Eine funktionierende Infrastruktur bleibt einer der wichtigsten Standortfaktoren. Knapp 92 Prozent der befragten Unternehmen stufen die Verfügbarkeit und Qualität des Mobilfunknetzes als „wichtig“ oder „eher wichtig“ ein, dicht gefolgt vom Glasfaser- und Breitband-Internet (90 Prozent). 2022 war jedes zweite Unternehmen mit den beiden Faktoren unzufrieden, aktuell haben sich die Werte minimal verbessert.

Kosten: Standortattraktivität unter Druck

Lohnkosten (90 Prozent) sowie die Höhe der Gewerbe- und Grundsteuer (86 Prozent) gehören zu den Top 10 der wichtigsten Standortfaktoren – und gleichzeitig zu denen mit der höchsten Unzufriedenheit bei den Betrieben. Rund 69 Prozent der Unternehmen sind mit den kommunalen Steuerlasten unzufrieden oder eher unzufrieden (2022: 63 Prozent), knapp 64 Prozent mit den Lohnkosten (2022: 54 Prozent). Die Abgabenbelastung werde als zu hoch empfunden. Deshalb seien die Ansätze im Koalitionsvertrag zur Absenkung der Körperschaftssteuer sowie die neuen Möglichkeiten für Sonderabschreibungen ein guter Ansatz, sagt die IHK-Chefin und warnt gleichzeitig vor zusätzlichen kommunalen Steuern wie etwa der Verpackungssteuer.

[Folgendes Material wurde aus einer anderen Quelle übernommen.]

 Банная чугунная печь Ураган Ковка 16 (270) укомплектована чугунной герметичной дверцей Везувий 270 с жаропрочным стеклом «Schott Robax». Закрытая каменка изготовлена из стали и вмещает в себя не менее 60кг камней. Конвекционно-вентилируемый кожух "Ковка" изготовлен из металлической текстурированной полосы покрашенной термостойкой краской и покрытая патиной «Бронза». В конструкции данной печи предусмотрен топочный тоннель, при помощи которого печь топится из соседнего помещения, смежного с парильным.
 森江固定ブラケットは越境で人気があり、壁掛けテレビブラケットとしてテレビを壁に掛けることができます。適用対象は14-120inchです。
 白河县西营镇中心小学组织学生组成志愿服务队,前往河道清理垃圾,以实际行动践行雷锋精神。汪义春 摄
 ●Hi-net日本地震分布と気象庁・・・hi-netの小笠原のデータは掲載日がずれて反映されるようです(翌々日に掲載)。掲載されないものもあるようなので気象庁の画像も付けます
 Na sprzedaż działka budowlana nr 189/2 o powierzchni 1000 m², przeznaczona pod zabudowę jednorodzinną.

Hohe Energiekosten – Unzufriedenheit bleibt

Zu den Standortfaktoren mit den niedrigsten Zufriedenheitswerten gehören auch die Energiepreise. 69 Prozent der Betriebe sind damit unzufrieden oder eher unzufrieden. Für Herre ist daher die im Koalitionsvertrag angekündigte dauerhafte Absenkung der Stromsteuer auf das europäische Mindestmaß ein wichtiges Signal – ebenso wie das Absenken der Netzentgelte, „einer langen Forderung der IHK, die jetzt endlich im Koalitionsvertrag festgehalten ist“, so Herre.

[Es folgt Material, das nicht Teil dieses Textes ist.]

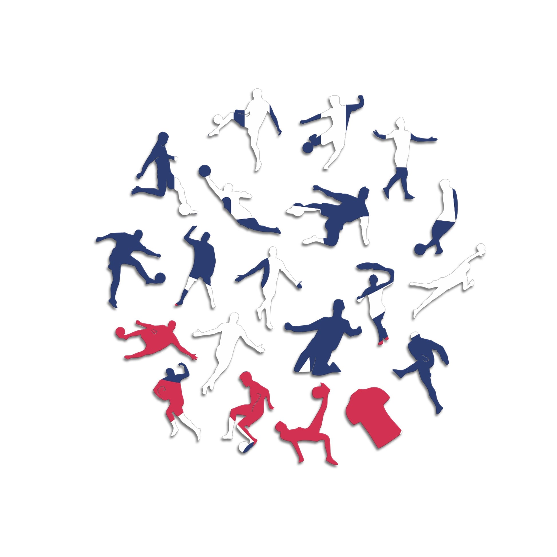 ✓ Each puzzle piece has a unique shape that depicts elements related to soccer and iconic players poses.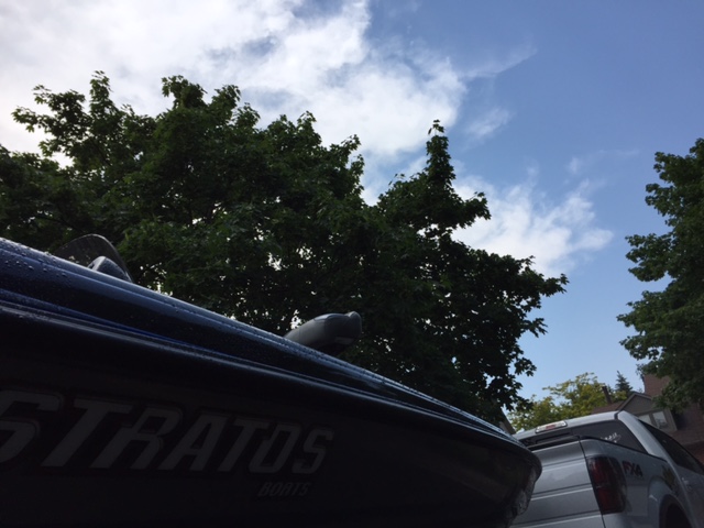 此时,北边乌云密布,总不靠谱的天预报终于靠谱了一把。刚过Bowmanville就雷雨交加了,暴雨顺便还帮我免费清洗了一下没来得及收起来的渔竿。12点半到家,雨就停了。1点钟收完船,天就放睛了。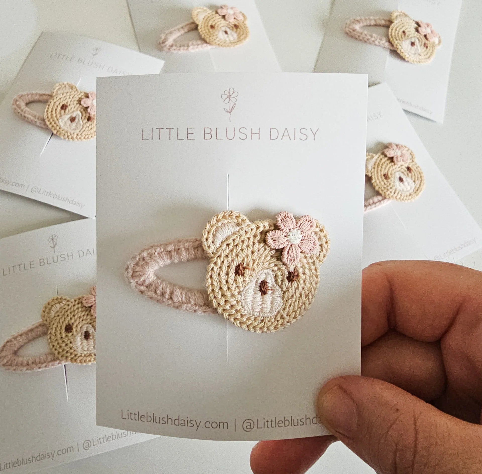 Little Blush Daisy - Crochet Teddy Bear Snap Hair Clip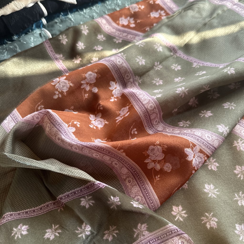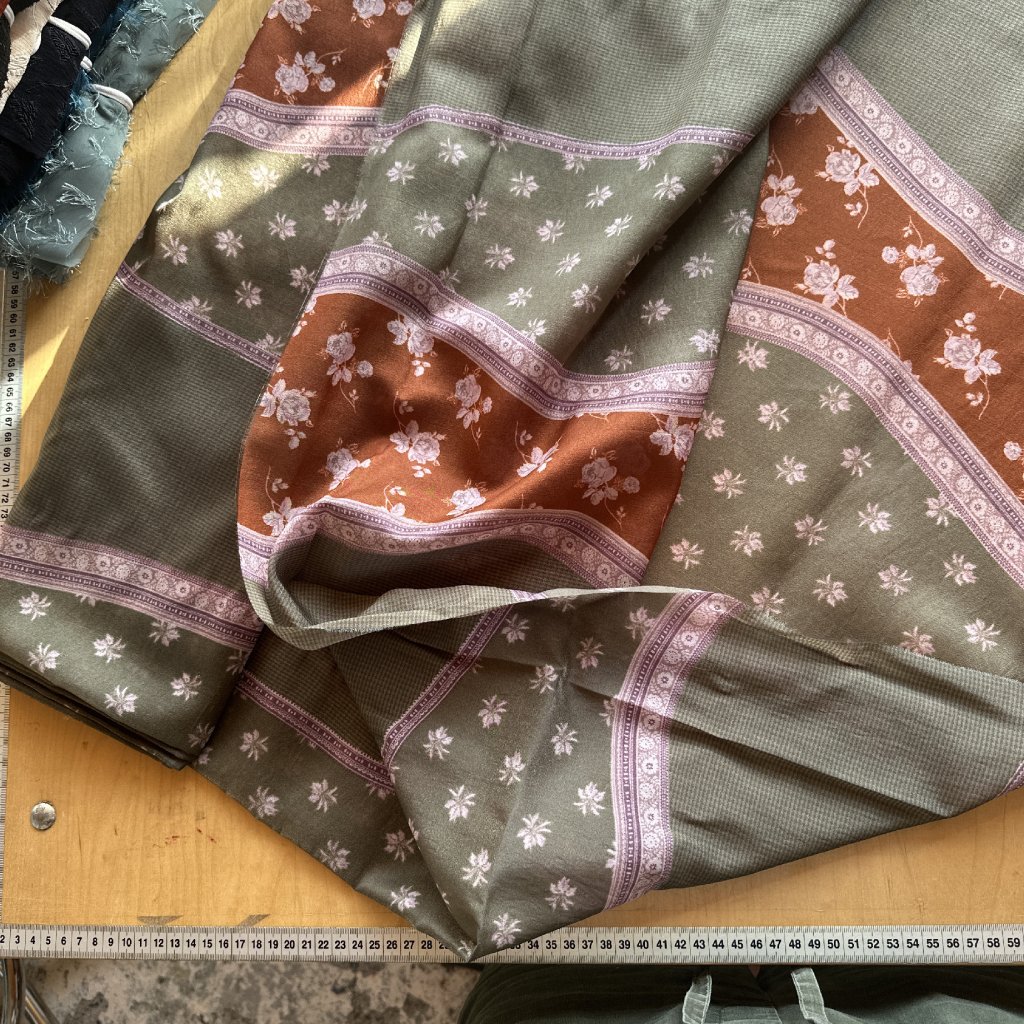 Od paní Niny jsme v minulosti jednu várku materiálů měli. Možná si pamatujete na (bohužel) pozůstalé materiály od paní Zorky Smetanové, české textilní výtvarnice. Příbuzná- paní Nina vyklízela byt, kde tyto materiály pozůstaly, odtud se známe. Protože paní Nina se sama obchodem s textilními materiály v minulosti živila, ozvala se nám, že má na chalupě i své vlastní přebytky z dob podnikání. A protože navíc bydlí kousek od nás, už nám nebránilo nic v předání. Toto jsou převážně italské, francouzské nebo španělské marteriály o kterých je řeč. Kvalita zaručena.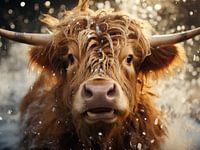 Dit prachtige fine art kunstwerk toont een Schotse Hooglander in zachte oranje tinten tijdens de sneeuw, waardoor een sfeer van warmte en rust ontstaat. De majestueuze uitstraling van de Hooglander is vastgelegd met oog voor detail en precisie. Dit kunstwerk past perfect in een landelijk, rustiek of natuurlijk geïnspireerd interieur. De lichte en oranje tonen roepen een gevoel van sereniteit op en brengen de charme van het Schotse platteland naar binnen.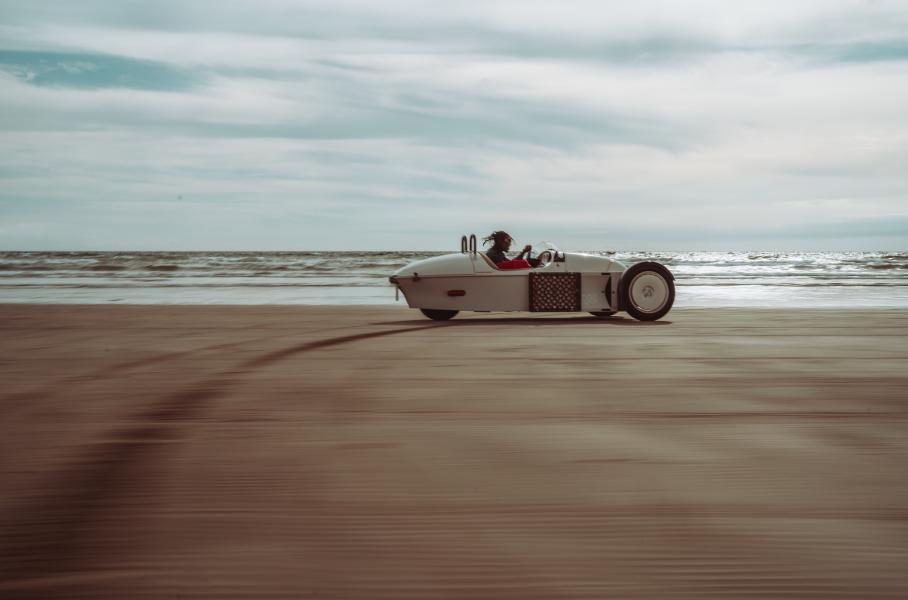 Бежевым сделан и каркас съемной крыши. Она крепится к кузову в нескольких местах и изготовлена из той же технической ткани, что и обивка сидений. В ближайшие 12 месяцев OB x Morgan Super 3 можно будет увидеть на самых экзотических пляжных локациях Европы, ну а первую поездку на автомобиле совершил американский визуальный художник и тревел-фотограф Карл Шакур.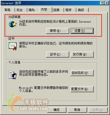 进入注册表,找到HKEY_LOCAL_MACHINE\Software\Microsoft\Windows\CurrentVersion\policies\Ratings,这里有一个名为“key”的主键,这就是您设置的分级审查口令,直接将它删除即可。重新启动之后,点击“工具”→“Internet选项”→“内容”→“分级审查”(图5),您会发现分级审查口令已经被复位了。现在您只要输入新的分级审查口令即可。

Bürokratie: Wunsch nach Entlastung wächst weiter

„Unbürokratische Verfahren“ landen auf dem letzten Platz der Zufriedenheitsskala – knapp 74 Prozent der Unternehmen äußern hier Kritik. Das sind nochmals knapp vier Prozentpunkte mehr als 2022. „Diese Entwicklung sehen wir mit Sorge. Bekenntnisse zum Bürokratieabbau gibt es genügend, auch im Koalitionsvertrag. Aber offensichtlich hapert es an der Umsetzung. Wir werden hier nicht lockerlassen, bis die Entlastung spürbar ist.“ Wichtig bleibt auch der Faktor „Offenes Ohr für Unternehmen“. Das sagen mit 84 Prozent heute so viele wie vor drei Jahren – bei der Zufriedenheit gibt es allerdings deutlich Luft nach oben.

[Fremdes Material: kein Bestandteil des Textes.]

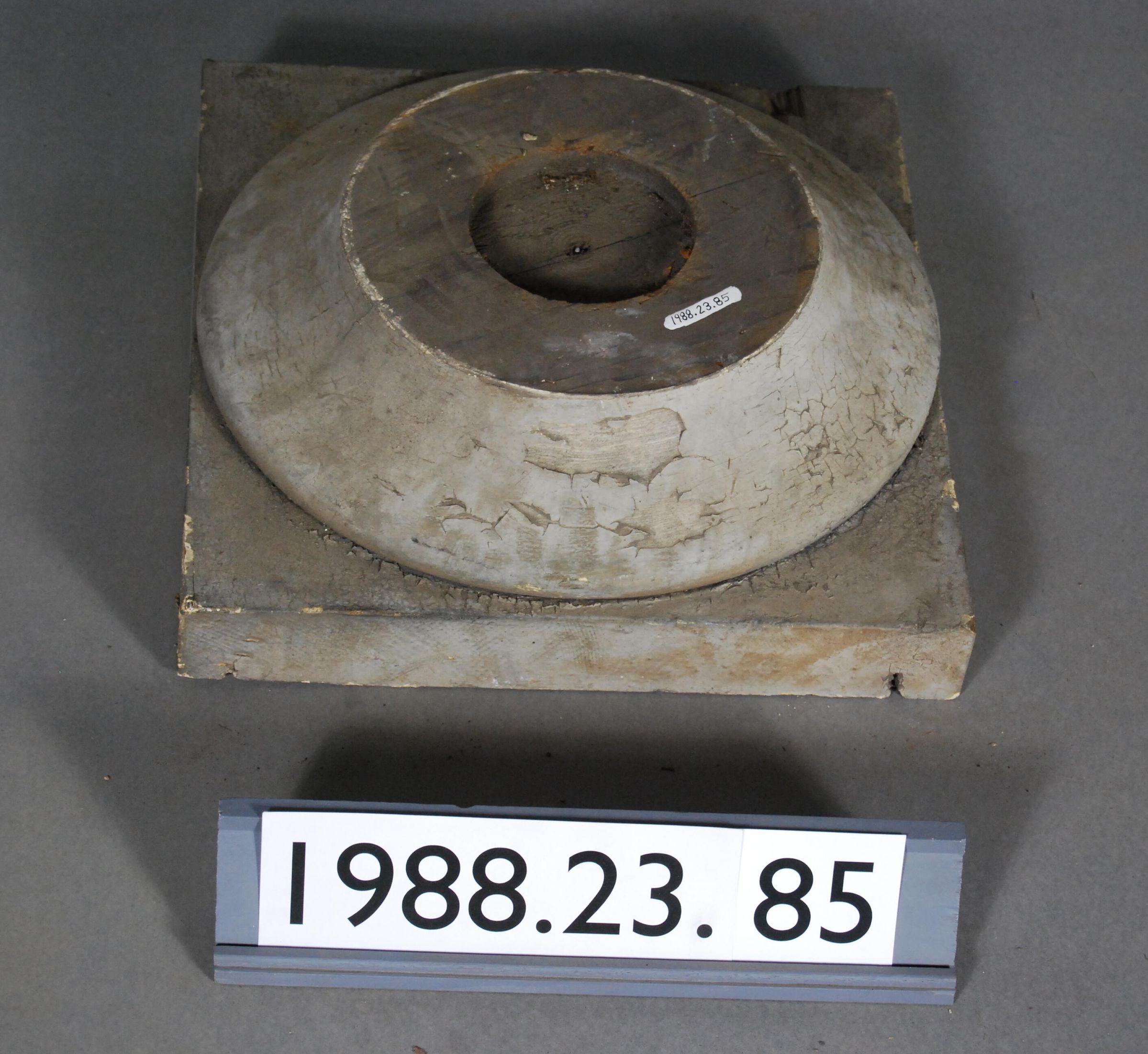 Exterior wood Classical Revival Style base from column. Square block above which is circular block with cove. Molded edge.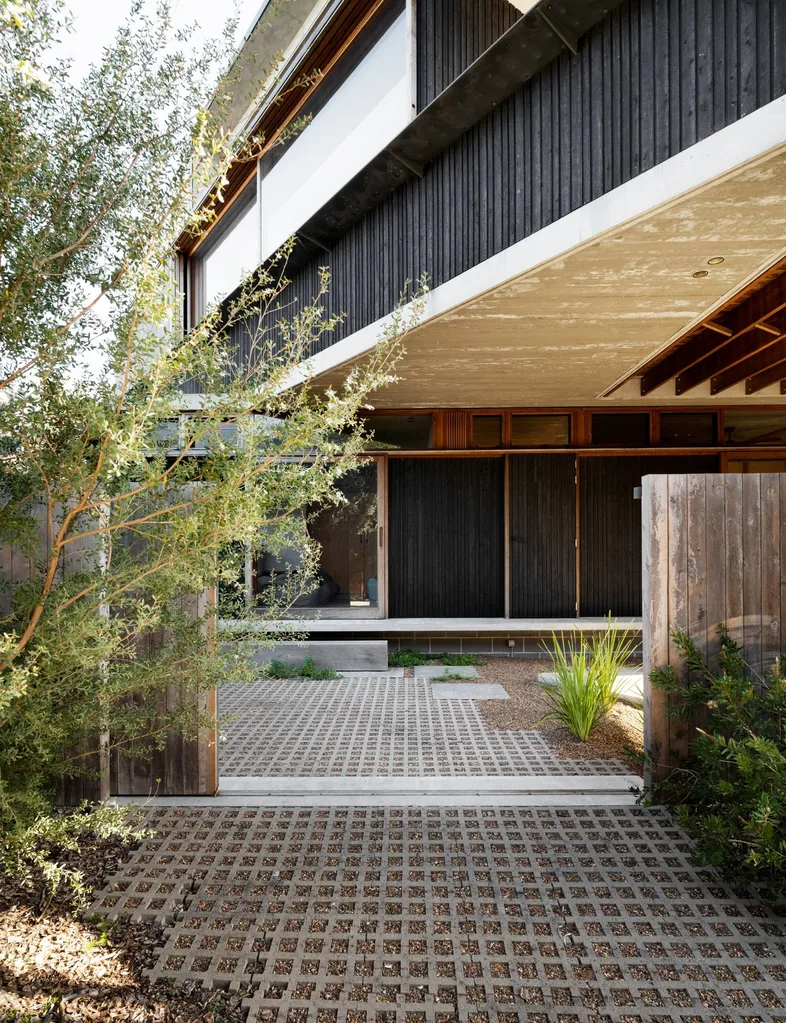 The gardens are designed in response to the main building’s linear form. They assist in maintaining a sense of privacy within the subdivided block. Upon entering through the timber gates, permeable pavers act as a living carport. A garden bed of coastal tea tree (Leptospermum laevigatum) sits to one side, complete with a concrete entry landing on the other. From there, Endicott stone pavers lead to a pebble-lined garden beneath the elevated deck and stairs.

Fachkräftebindung: Infrastruktur und Lebensqualität zählen

Auch der Kampf um Fachkräfte bleibt ein zentrales Thema. Besonders das Bildungs- und Betreuungsangebot hat in der Wahrnehmung der Unternehmen stark verloren – 2022 waren damit rund 38 Prozent der Betriebe unzufrieden oder eher unzufrieden, heute sind das sieben Prozentpunkte mehr. Gleichzeitig zeigt sich: Faktoren wie Wohnraum, Mobilität und Versorgungssicherheit gewinnen an Bedeutung. „Die Unternehmen brauchen ein Umfeld, das qualifizierte Arbeitskräfte nicht nur anzieht, sondern auch langfristig bindet“, so Herre. „Der Standort Stuttgart hat enormes Potenzial – aber er braucht die richtigen Rahmenbedingungen, um es zu entfalten.“

Informationen zur Umfrage:

An der IHK-Standortumfrage haben 1271 Unternehmen aller Größe und Branchen aus der Region Stuttgart teilgenommen. Sie wurden zwischen dem 18. März und 7. April 2025 befragt.